Погружаясь в эти глубины, Меченый постепенно менял свой цвет, из серебристо-радужного становясь серо-черным, а почти на четырехсотметровой глубине превратился снова в одну из холодных звезд этого странного «небосвода» — далекого и таинственного мира. Он был полностью оснащен для жизни здесь, этот вечный путешественник по неведомым тропам внутреннего пространства Земли, но все же судьба повелевала ему к концу февраля вновь претерпеть обратную метаморфозу и предстать перед обитателями устья Брид-ривер, сверкая радужными красками, во всем своем великолепии.
Глава десятая
Джеймс и Адель бодрствовали с четырех утра. Они ловили рыбу в устье Брид-ривер. Была последняя пятница февраля, и домой, то есть в рыбачью хижину, они вернулись около девяти. Поймать удалось сущую ерунду, из приличной рыбы — один небольшой белый каменный зубан. Однако же настроены они были как всегда философски и после душа решили как следует позавтракать в кафе на той стороне эстуария. Названия некоторых лодок были им хорошо знакомы — «Чертенок», «Каприз», «Бонито», — так что они смотрели в оба, чтобы вовремя поздороваться со старыми приятелями-рыболовами из Книсны и Плеттенберхбая. И еще нужно было купить бензин и кое-какие продукты: на их стороне эстуария ничего этого не было, а на машине пришлось бы больше часа ехать до парома и еще столько же обратно.
Они поставили свое суденышко у небольшого гостиничного причала, где в это время дня было относительно свободно, и пешком поднялись на несколько сотен метров к магазину Барри, где купили все необходимое и узнали местные новости.

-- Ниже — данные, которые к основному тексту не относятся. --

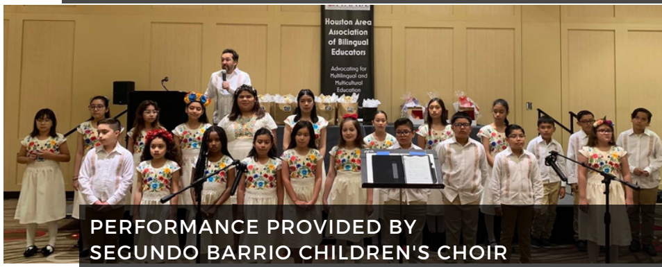
PERFORMANCE PROVIDED BY SEGUNDO BARRIO CHILDREN'S CHOIR

В это время каждый год — вот уже пятнадцать лет подряд — проходили традиционные встречи рыболовов-любителей, проводивших вместе две недели отпуска; они съезжались со всей страны и привозили с собой свои лодки и катера, так что к вечеру у причала скапливалось множество ярких судов самой различной формы и размера.
Приезжали главным образом пенсионеры, как еще довольно крепкие, так и совсем дряхлые; они ловили рыбу неторопливо, спокойно, зная, что время у них есть, кое-кто ровно в двенадцать часов пил джин с тоником прямо в лодке, а потом все рыболовы как по команде, за исключением одного-двух самых заядлых, возвращались в гостиницу к ленчу. Затем они отдыхали и снова выходили в море часа в четыре, после чая, сознавая, что заслужили эту полуденную сиесту тяжким трудом, ибо, во-первых, считали делом чести вставать с рассветом, а во-вторых, потому что к вечеру наступало самое лучшее время для рыбной ловли.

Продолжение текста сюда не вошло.